WORK TO COMPLETE | In the records below, repeat word for word only the lines starting at the one that contains "4、填色的方法也很简单,主要" and ending at the one that contains "Однако очень требовательный", pictures excluded.

STUDY MATERIAL |

■ ■ ■ ■

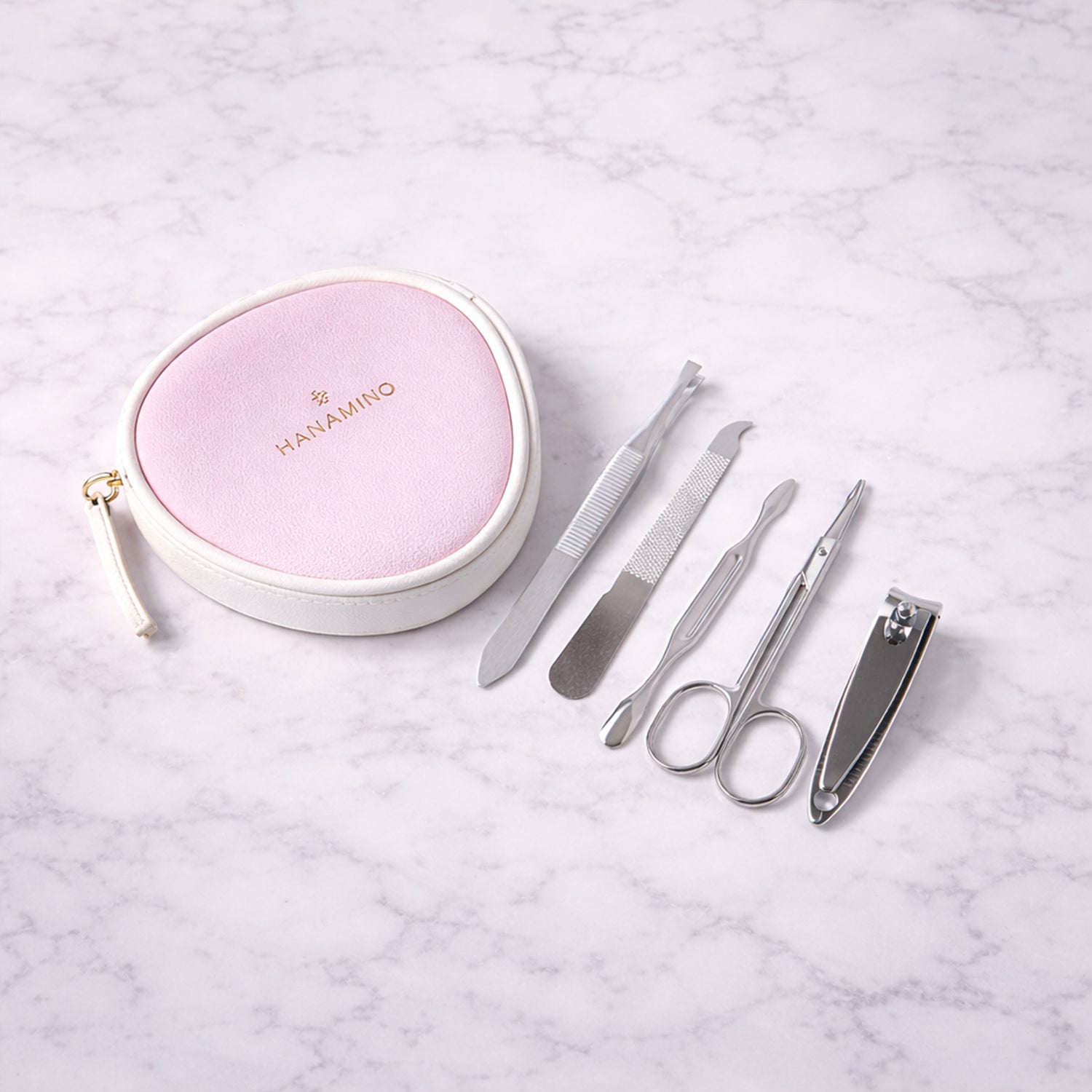 Includes nail cutter, scissors, tweezers, nail file, and cuticle tool
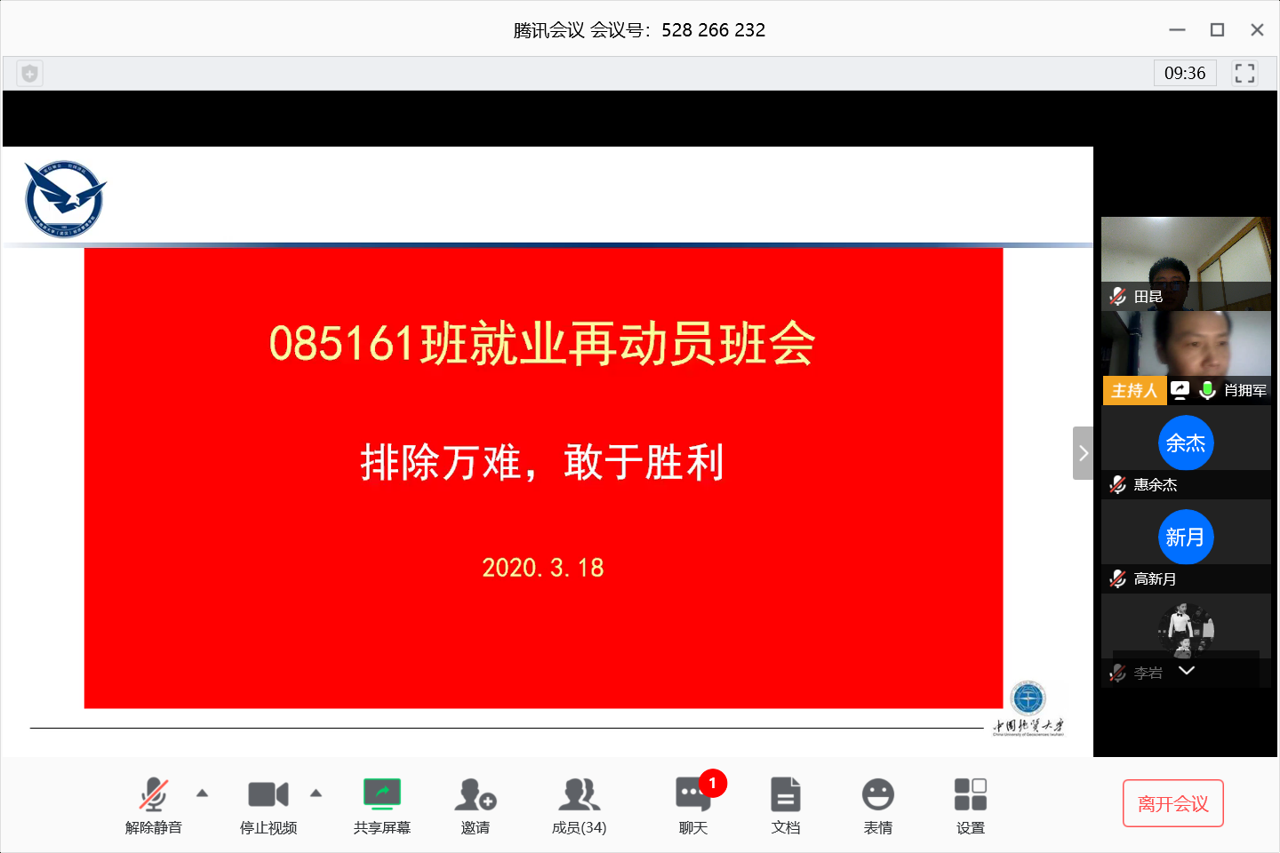 3月18日晚19:30,Beat365官方网站旅游管理专业085161班“排除万难,敢于胜利”就业再动员主题班会顺利举行。受到疫情影响,本次会议通过腾讯会议平台以线上形式开展,班主任、旅游系系主任肖拥军,学院16级辅导员田昆及旅游管理专业085161班全体毕业生共36人参加会议。
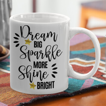 Dream big, Sparkle more, Shine bright, Ceramic coffee mug, 330ml
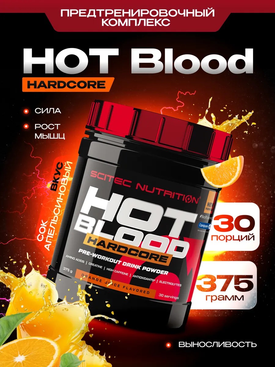 Hot Blood Hardcore – это не просто предтреник, а полноценный спортивный комплекс с адаптогенами, который поможет вам увеличить продуктивность тренировок, почувствовать мощный памп и значительный буст энергии уже после первой порции.
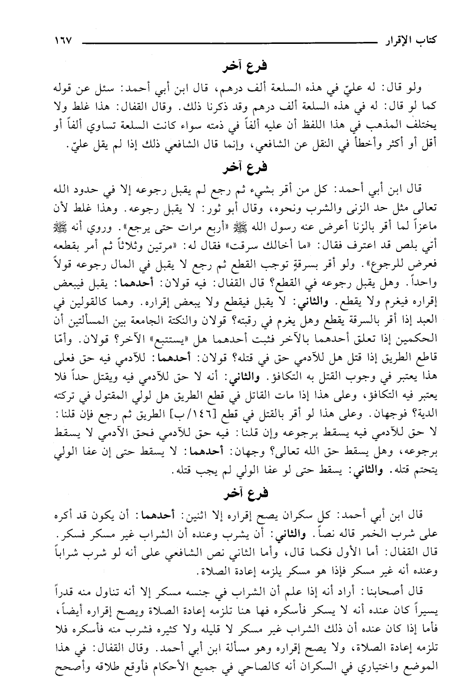 قال ابن أبي أحمد: كل من أقر بشيء ثم رجع لم يقبل رجوعه إلا في حدود الله تعالى مثل حد الزنى والشرب ونحوه، وقال أبو ثور: لا يقبل رجوعه. وهذا غلط لأن ماعزًا لما أقر بالزنا أعرض عنه رسول الله - صلى الله عليه وسلم - (أربع مرات حتى يرجع). وروي أنه - صلى الله عليه وسلم - أتي بلص قد اعترف فقال: (ما أخالك سرقت) فقال له: (مرتين وثلاثًا ثم أمر بقطعه فعرض للرجوع). ولو أقر بسرقٍة توجب القطع ثم رجع لا يقبل في المال رجوعه قوًلا واحدًا. وهل يقبل رجوعه في القطع؟ قال القفال: فيه قولان: أحدهما: يقبل فيبعض إقراره فيغرم ولا يقطع. والثاني: لا يقبل فيقطع ولا يبعض إقراره. وهما كالقولين في العبد إذا أقر بالسرقة يقطع وهل يغرم في رقبته؟ قولان والنكتة الجامعة بين المسألتين أن الحكمين إذا تعلق أحدهما بالآخر فثبت أحدهما هل (يستتبع) الآخر؟ قولان. وأما قاطع الطريق إذا قتل هل للآدمي حق في قتله؟ قولان: أحدهما: للآدمي فيه حق فعلى هذا يعتبر في وجوب القتل به التكافؤ. والثاني: أنه لا حق للآدمي فيه ويقتل حدًا فلا يعتبر فيه التكافؤ، وعلى هذا إذا مات القاتل في قطع الطريق هل لولي المقتول في تركته الدية؟ فوجهان. وعلى هذا لو أقر بالقتل في قطع [146/ ب] الطريق ثم رجع فإن قلنا: لا حق للآدمي فيه يسقط برجوعه وإن قلنا: فيه حق للآدمي فحق الآدمي لا يسقط برجوعه، وهل يسقط حق الله تعالى؟ وجهان: أحدهما: لا يسقط حتى إن عفا الولي يتحتم قتله. والثاني: يسقط حتى لو عفا الولي لم يجب قتله.
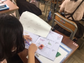 角度を求める問題に挑戦です。分度器を使ったり、計算で求めたりとどれが速いか考えて、たくさんの問題に挑戦しました。
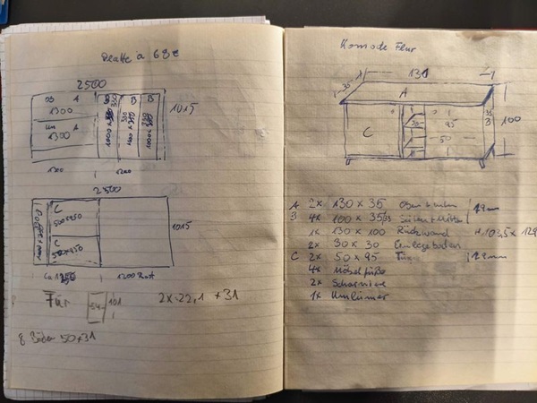 Der Plan wie es aussehen soll war relative schnell skizziert, die Maßen waren ja soweit durch die Ecke in die es passen sollte gegeben.
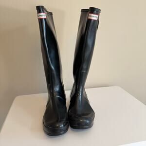 Hunter Original Tall Gloss Rain Boots Women 42 US 10 Black Adjustable Waterproof
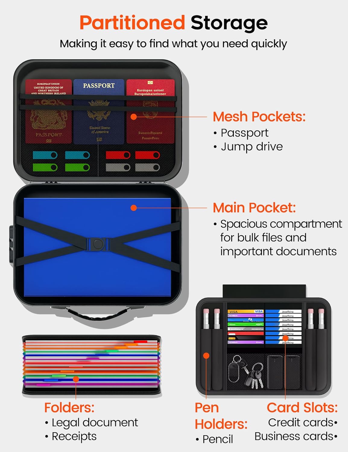 - Spacious & Organized Storage: Measuring about 14.57x10.8x5.32 inches, fire proof file box includes accordion folders, mesh pockets, card slots, USB pockets, and pen holders, offering large capacity and structured organization
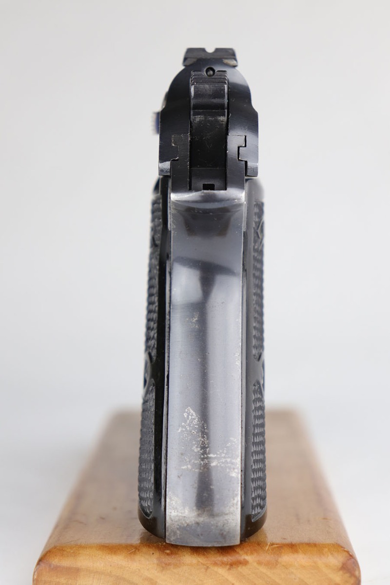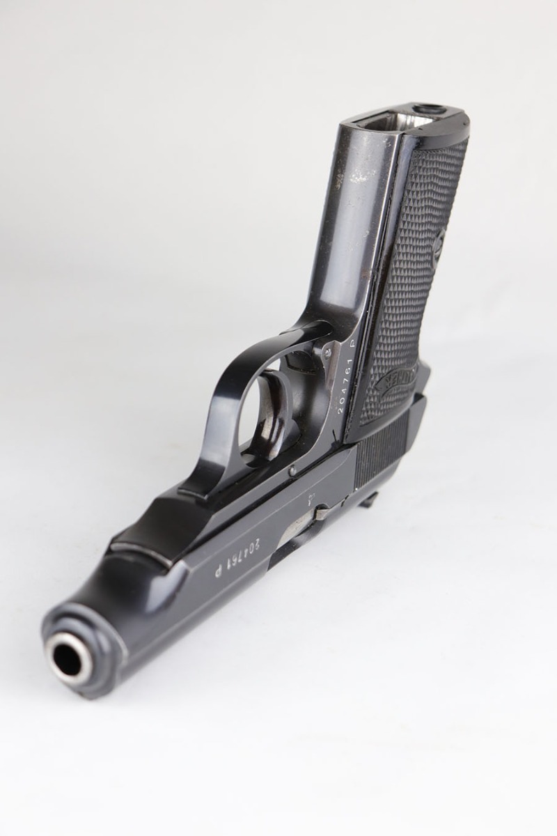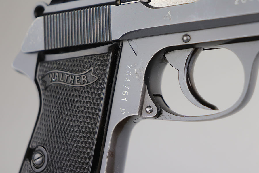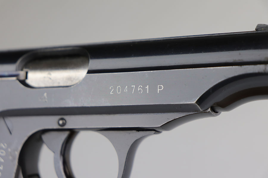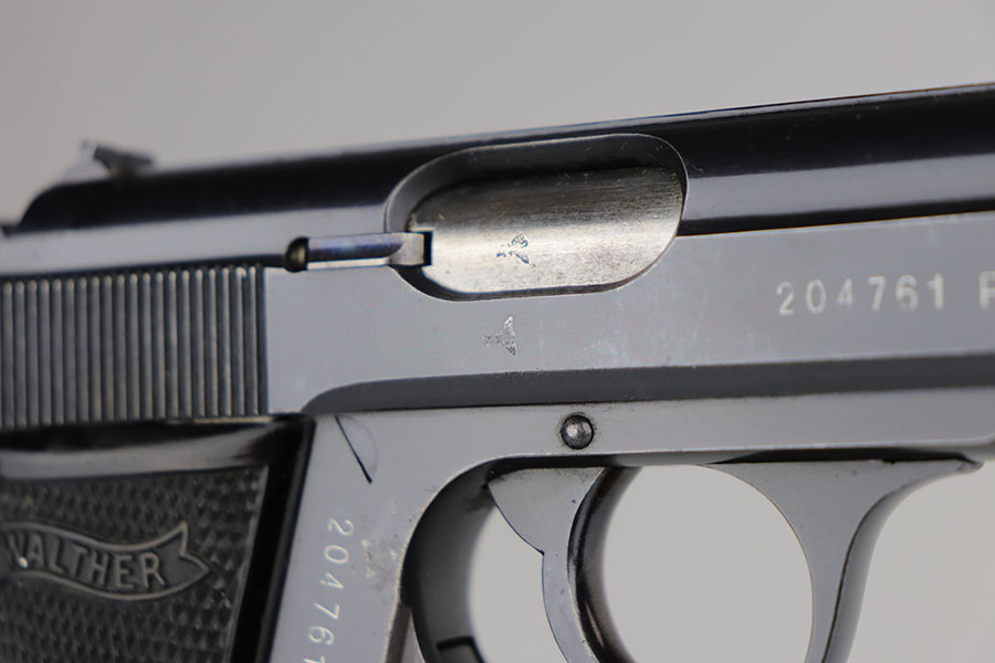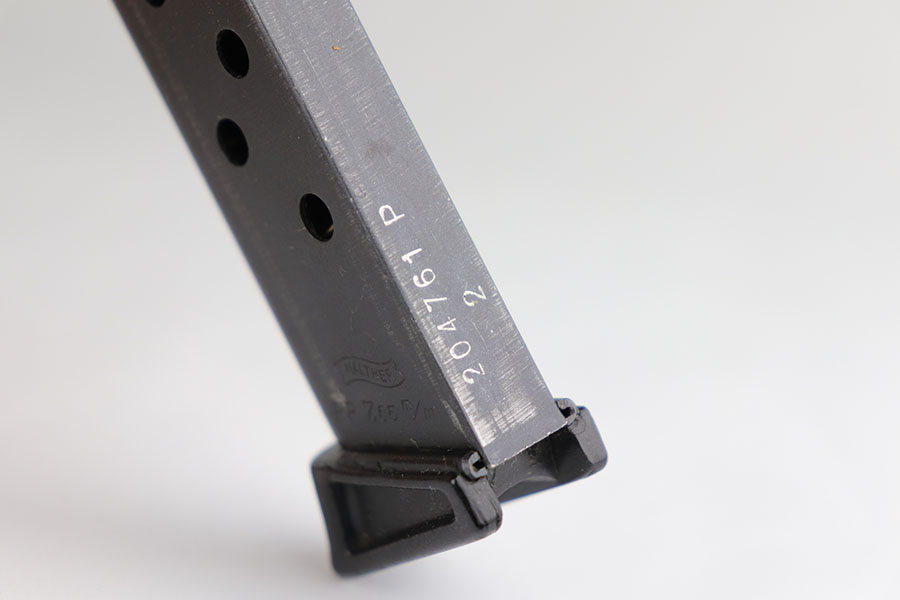 6/2/20 – This is a scarce SS contract Walther PP with one of the original, matching magazines. The original blue rates at about 92-93% with a very nice profile, and most of the finish loss on the straps. Original magazine is numbered on the spine and matching to the gun. This is a 4th variation SS contract PP. Bore is mint, and the grips and magazine are also in excellent condition.
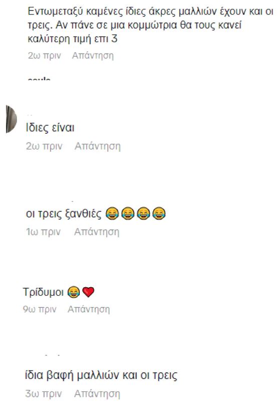 Το βίντεο έγινε viral στην πλατφόρμα από τις πρώτες ώρες και όχι μόνο για την καλή σχέση που έχουν οι πρώην μεταξύ τους. Πολλοί είναι εκείνοι που δεν μπόρεσαν να αφήσουν ασχολίαστη, τη μεγάλη ομοιότητα που παρουσιάζουν τα μαλλιά και των τριών. Και ο Νίκος Καρβέλας και η Αννίτα Πάνια, όπως και η Άννα Βίσση έχουν ξανθιά και ανοιχτόχρωμα μαλλιά στο ίδιο σχεδόν μήκος και είναι σχεδόν ίδια για πολλούς από εκείνους που παρακολούθησαν το βίντεο. «Οι τρίδυμες», «Ίδια βαφή μαλλιών και οι τρεις» έγραψαν, μεταξύ άλλων.
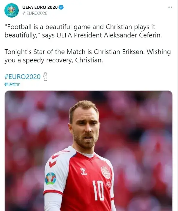 而在比赛结束之后,2020欧锦赛赛事官方将本场比赛最佳球员颁给了克里斯蒂安·埃里克森,愿埃里克森能够早日康复。文中提到了欧足联主席切费林对埃里克森的评价,“足球是一项美丽的运动,克里斯蒂安将其诠释地如此美丽”
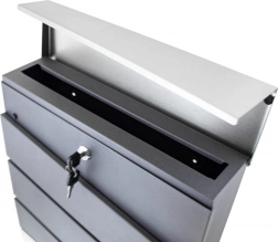 Szeroki wrzut i duże uchylne drzwiczki zapewniają łatwe wrzucanie i wyjmowanie, także przy większej ilości poczty i kopert.
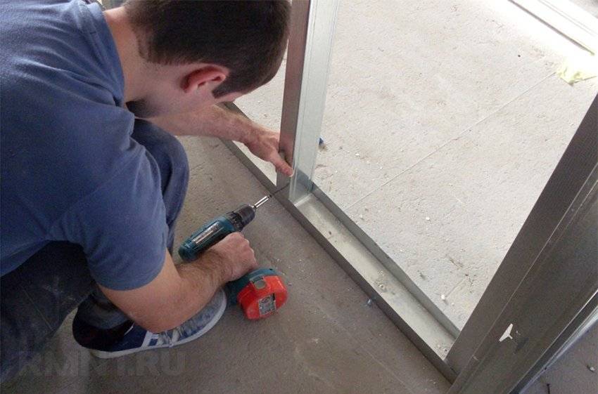 6. По обе стороны дверной коробки устанавливаются опорные стоечные профили. Их изготавливают из стоечных профилей методом насадки, заправляют в направляющие и крепят к полу и потолку;
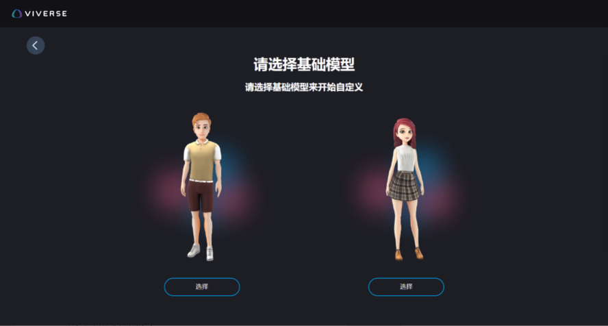 4、 完成第三步后,可以根据自身性别或喜好选择一个基础模型,通过点击鼠标左键拖动可以旋转虚拟形象,转动鼠标滚轮则可以进行放大和缩小虚拟形象,让你能够从全方位查看选择好的虚拟形象。
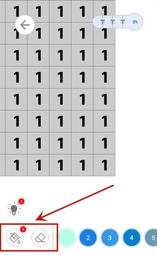4、填色的方法也很简单,主要有两个按钮,分别为填色和擦除,只需要根据方块上数字使用指定的颜色,并在对应的地方涂上色彩就可以
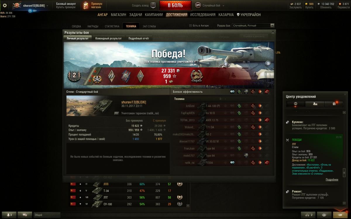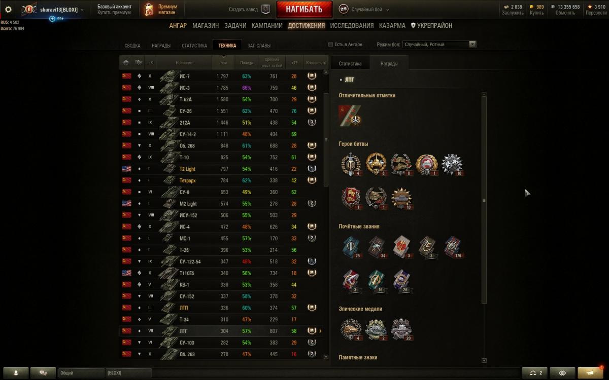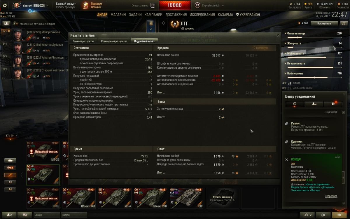 Однако очень требовательный танчик. Как на проходном не поиграть, без экипажа в 4 перка к отметкам не подступишься. Зато разница между средним экипажем с бомж набором  и ветеранами с пайком  здесь чувствуется как нигде.
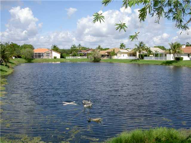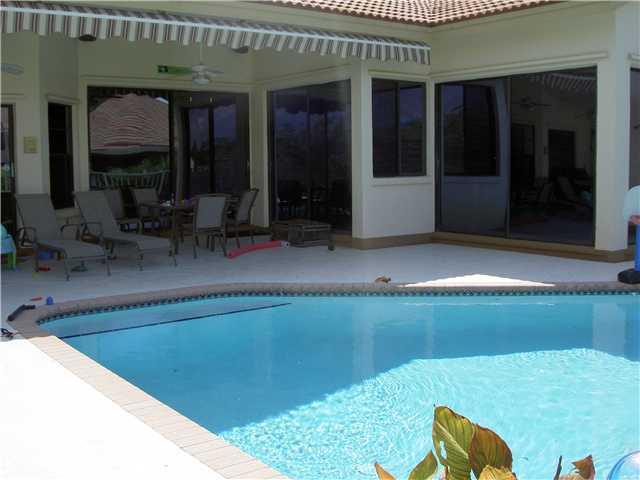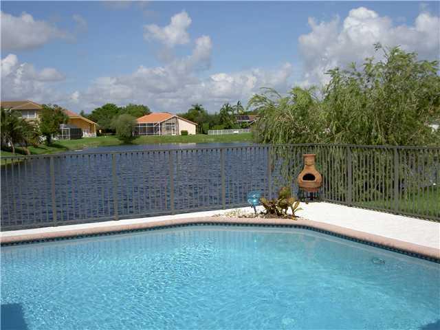 The " TOTAL PACKAGE ", 4 bedroom 3 full baths with triple split very open floor plan. Located in " the Enclave " gated section of prestigeous Jacaranda Lakes,home features a beautiful free form pool over looking the wide lake. Remote auto awning. The roof replaced with the finest tile approx.8 years ago,the dual high eff. a/c is approx. 2-3 years old. Water heaters replaced recently. All kitchen appliances about 4-5 years old, separate huge laundry room w/fridge Storm shutters enhance the insurability.
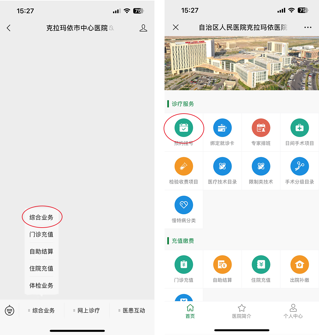 2、关注后点击平台下方菜单“综合业务”按钮,点击“综合业务”选项,按照要求进行下一步即可完成预约挂号。
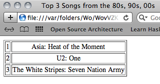 | (tr (td "1") (td "2") (td "3") (td "4")) |

■ ■ ■ ■

SOLUTION TO THIS EXERCISE |
4、填色的方法也很简单,主要有两个按钮,分别为填色和擦除,只需要根据方块上数字使用指定的颜色,并在对应的地方涂上色彩就可以
 Однако очень требовательный танчик. Как на проходном не поиграть, без экипажа в 4 перка к отметкам не подступишься. Зато разница между средним экипажем с бомж набором  и ветеранами с пайком  здесь чувствуется как нигде.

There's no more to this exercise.